Source material:
#####

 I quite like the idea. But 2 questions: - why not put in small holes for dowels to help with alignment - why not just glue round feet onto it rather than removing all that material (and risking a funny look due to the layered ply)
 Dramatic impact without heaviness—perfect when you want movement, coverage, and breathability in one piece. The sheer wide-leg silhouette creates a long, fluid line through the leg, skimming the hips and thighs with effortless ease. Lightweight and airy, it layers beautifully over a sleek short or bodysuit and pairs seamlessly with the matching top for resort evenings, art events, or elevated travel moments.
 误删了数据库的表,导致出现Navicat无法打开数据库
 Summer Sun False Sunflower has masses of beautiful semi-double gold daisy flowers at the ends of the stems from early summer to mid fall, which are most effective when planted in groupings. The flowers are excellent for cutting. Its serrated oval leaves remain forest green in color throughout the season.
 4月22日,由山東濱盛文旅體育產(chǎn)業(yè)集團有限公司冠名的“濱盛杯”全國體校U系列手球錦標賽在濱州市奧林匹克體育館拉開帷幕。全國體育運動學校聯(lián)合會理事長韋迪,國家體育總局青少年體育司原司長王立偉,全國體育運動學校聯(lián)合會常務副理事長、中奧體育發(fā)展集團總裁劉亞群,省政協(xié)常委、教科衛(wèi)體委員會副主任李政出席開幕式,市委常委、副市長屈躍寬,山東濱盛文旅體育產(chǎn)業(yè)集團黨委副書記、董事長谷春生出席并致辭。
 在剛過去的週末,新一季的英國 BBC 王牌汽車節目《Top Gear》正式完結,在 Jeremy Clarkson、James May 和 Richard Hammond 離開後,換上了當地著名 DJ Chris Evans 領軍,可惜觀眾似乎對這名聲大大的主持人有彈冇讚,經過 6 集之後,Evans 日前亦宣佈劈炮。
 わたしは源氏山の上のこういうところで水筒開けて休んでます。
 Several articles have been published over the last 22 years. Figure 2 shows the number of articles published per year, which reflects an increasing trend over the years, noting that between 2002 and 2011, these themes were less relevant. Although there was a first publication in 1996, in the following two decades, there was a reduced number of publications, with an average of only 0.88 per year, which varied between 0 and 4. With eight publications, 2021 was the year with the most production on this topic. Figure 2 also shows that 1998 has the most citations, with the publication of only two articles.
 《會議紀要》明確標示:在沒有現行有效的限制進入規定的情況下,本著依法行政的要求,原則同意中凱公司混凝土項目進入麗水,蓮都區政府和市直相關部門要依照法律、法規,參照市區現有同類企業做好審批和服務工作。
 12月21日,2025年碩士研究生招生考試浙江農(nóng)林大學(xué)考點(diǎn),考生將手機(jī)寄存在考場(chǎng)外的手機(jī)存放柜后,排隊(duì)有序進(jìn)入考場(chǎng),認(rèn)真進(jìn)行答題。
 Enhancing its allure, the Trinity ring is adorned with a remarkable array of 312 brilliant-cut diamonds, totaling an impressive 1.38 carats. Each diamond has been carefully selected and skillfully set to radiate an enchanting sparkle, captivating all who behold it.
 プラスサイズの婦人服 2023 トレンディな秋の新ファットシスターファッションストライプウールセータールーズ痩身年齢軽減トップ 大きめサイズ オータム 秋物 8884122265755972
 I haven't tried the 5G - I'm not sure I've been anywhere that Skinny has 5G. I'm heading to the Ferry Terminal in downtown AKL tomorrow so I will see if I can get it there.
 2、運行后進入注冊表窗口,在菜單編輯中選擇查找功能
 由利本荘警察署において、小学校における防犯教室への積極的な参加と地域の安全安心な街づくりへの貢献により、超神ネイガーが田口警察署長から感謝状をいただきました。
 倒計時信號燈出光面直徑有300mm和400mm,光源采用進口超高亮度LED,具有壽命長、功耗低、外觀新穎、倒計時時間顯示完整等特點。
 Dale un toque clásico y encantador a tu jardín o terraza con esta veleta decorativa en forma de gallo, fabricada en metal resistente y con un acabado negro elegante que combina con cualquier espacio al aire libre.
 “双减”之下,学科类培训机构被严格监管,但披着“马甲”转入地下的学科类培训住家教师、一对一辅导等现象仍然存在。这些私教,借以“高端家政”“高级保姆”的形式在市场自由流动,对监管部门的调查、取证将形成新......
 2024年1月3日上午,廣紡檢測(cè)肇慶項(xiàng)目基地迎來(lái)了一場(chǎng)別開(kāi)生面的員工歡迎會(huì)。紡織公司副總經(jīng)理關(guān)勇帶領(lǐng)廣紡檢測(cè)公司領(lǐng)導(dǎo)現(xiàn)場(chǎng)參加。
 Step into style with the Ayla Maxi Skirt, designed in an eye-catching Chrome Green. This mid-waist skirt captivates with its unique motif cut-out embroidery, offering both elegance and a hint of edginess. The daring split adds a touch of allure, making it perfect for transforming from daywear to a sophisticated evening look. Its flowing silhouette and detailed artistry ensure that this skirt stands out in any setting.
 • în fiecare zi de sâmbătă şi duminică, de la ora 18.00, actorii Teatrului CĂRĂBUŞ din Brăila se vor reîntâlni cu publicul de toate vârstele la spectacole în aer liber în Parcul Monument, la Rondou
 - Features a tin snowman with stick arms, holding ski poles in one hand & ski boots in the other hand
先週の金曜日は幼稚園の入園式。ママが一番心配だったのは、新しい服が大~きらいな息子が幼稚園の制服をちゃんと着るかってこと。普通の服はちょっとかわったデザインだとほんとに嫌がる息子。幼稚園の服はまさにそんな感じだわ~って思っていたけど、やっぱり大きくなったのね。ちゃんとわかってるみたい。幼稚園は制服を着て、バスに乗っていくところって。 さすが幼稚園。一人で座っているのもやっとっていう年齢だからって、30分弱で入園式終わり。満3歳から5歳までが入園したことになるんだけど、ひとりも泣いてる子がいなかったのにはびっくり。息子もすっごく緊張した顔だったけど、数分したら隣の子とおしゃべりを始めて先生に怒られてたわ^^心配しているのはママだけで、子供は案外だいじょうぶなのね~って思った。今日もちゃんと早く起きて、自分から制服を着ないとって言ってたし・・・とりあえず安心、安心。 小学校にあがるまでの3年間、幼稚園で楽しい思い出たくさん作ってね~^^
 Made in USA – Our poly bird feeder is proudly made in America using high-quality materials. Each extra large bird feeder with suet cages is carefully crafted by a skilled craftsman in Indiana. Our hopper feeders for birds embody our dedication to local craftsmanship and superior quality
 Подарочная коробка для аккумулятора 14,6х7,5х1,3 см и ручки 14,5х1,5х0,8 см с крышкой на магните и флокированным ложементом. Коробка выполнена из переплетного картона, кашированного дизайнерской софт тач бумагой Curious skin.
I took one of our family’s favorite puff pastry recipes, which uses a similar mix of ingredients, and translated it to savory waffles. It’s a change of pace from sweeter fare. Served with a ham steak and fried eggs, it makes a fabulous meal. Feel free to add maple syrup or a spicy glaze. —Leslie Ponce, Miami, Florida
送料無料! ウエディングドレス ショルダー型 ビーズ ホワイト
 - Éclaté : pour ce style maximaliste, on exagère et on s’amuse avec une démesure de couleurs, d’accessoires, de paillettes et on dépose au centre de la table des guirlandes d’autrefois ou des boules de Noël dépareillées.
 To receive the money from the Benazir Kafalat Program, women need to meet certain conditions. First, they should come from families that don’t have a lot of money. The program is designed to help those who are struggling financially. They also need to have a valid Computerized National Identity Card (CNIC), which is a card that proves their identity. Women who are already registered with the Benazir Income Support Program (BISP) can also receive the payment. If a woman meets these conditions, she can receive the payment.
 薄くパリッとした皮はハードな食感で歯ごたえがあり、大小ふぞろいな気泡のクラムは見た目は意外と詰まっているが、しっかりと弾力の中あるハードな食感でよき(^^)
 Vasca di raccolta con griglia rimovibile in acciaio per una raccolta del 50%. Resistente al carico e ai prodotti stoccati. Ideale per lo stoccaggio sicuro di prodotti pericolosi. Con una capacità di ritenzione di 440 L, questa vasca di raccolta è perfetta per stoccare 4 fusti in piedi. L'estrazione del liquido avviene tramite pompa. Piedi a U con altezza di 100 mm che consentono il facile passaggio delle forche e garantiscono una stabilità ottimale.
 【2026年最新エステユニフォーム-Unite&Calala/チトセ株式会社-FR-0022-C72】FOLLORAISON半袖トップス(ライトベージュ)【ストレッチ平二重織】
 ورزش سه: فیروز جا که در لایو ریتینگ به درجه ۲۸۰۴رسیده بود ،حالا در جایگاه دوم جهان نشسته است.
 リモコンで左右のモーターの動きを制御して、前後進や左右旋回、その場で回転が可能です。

#####

An exact repetition of the material above is required, from its first line through the line holding "在剛過去的週末,新一季的英國 BBC 王牌汽車節目《Top", with nothing added.

Exercise answer:
 I quite like the idea. But 2 questions: - why not put in small holes for dowels to help with alignment - why not just glue round feet onto it rather than removing all that material (and risking a funny look due to the layered ply)
 Dramatic impact without heaviness—perfect when you want movement, coverage, and breathability in one piece. The sheer wide-leg silhouette creates a long, fluid line through the leg, skimming the hips and thighs with effortless ease. Lightweight and airy, it layers beautifully over a sleek short or bodysuit and pairs seamlessly with the matching top for resort evenings, art events, or elevated travel moments.
 误删了数据库的表,导致出现Navicat无法打开数据库
 Summer Sun False Sunflower has masses of beautiful semi-double gold daisy flowers at the ends of the stems from early summer to mid fall, which are most effective when planted in groupings. The flowers are excellent for cutting. Its serrated oval leaves remain forest green in color throughout the season.
 4月22日,由山東濱盛文旅體育產(chǎn)業(yè)集團有限公司冠名的“濱盛杯”全國體校U系列手球錦標賽在濱州市奧林匹克體育館拉開帷幕。全國體育運動學校聯(lián)合會理事長韋迪,國家體育總局青少年體育司原司長王立偉,全國體育運動學校聯(lián)合會常務副理事長、中奧體育發(fā)展集團總裁劉亞群,省政協(xié)常委、教科衛(wèi)體委員會副主任李政出席開幕式,市委常委、副市長屈躍寬,山東濱盛文旅體育產(chǎn)業(yè)集團黨委副書記、董事長谷春生出席并致辭。
 在剛過去的週末,新一季的英國 BBC 王牌汽車節目《Top Gear》正式完結,在 Jeremy Clarkson、James May 和 Richard Hammond 離開後,換上了當地著名 DJ Chris Evans 領軍,可惜觀眾似乎對這名聲大大的主持人有彈冇讚,經過 6 集之後,Evans 日前亦宣佈劈炮。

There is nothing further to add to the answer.